It will certainly need to appoint a replacement for Kieran — at least while its service remains available to users in the region. Under the GDPR, entities processing certain types of data (and/or processing personal data at enough scale, as Twitter does) are duty bound to appoint a data protection officer (DPO) — who must be an independent expert and provided with adequate resources to do the job — hence his departure by resignation (along with multiple senior compliance colleagues) signals a problem.
The DPO role is to act as a contact point for regulators (such as the DPC) — as well as to advise and assist in monitoring internal compliance with data protection obligations, such as by providing guidance for compiling Data Protection Impact Assessments (DPIAs). Expertise and independence are required for the role. (So — no — Musk can’t just appoint himself or one of his idiot stooges ‘Chief DPO’ and expect this problem to go away.)
Compliance is also of course an ongoing requirement — so this problem is a neverending journey, not a destination. At a bare minimum, Twitter needs to be communicating with regulators to inform them of key changes and — under Musk — it’s not even doing that.
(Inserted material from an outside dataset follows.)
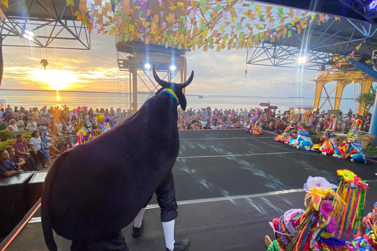 O casal esteve pela segunda noite consecutiva na Estação, junto com a filha Ana Luiza, de 1 ano, e destacou a valorização da cultura regional no evento. “Essa programação é maravilhosa, principalmente quando a gente pensa em um passeio em família diferente, tendo esse contato com uma amostra do nosso patrimônio cultural, que é essa festa junina cheia de símbolos paraenses. Fiquei muito feliz de trazer a minha filha, sair de casa com ela e mostrar o que realmente é essa cultura”, disse Aline.Apresentação de bois: diversão garantida à margem da Baía do Guajará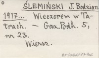 ŚLEMIŃSKI J. Bodzian 1917... Wieczorem w Tatrach.

Product development under Musk also looks like a compliance nightmare. His chaotic version of Twitter Blue was obviously going to cause problems of impersonation — which flared up immediately it launched. And thoughtlessly rushing out products that could pose informational risks to hundreds of millions of users runs directly counter to the spirit and intent of European data protection regulation.
Given the rapid pace of launch of Musk’s revamped Twitter Blue subscription product it’s difficult to see how — for example — a DPIA could have been properly undertaken to assess risks ahead of launch — which may partly explain the resignation of Kieran and other senior compliance folks, if they felt they were simply unable to carry out their jobs.
What adequately qualified person would knowingly agree to take on such a role in these conditions is another big question. Anyone qualified enough to be Twitter’s DPO may quickly conclude it’s not possible to do the job — not under the current Chief Twit, at least.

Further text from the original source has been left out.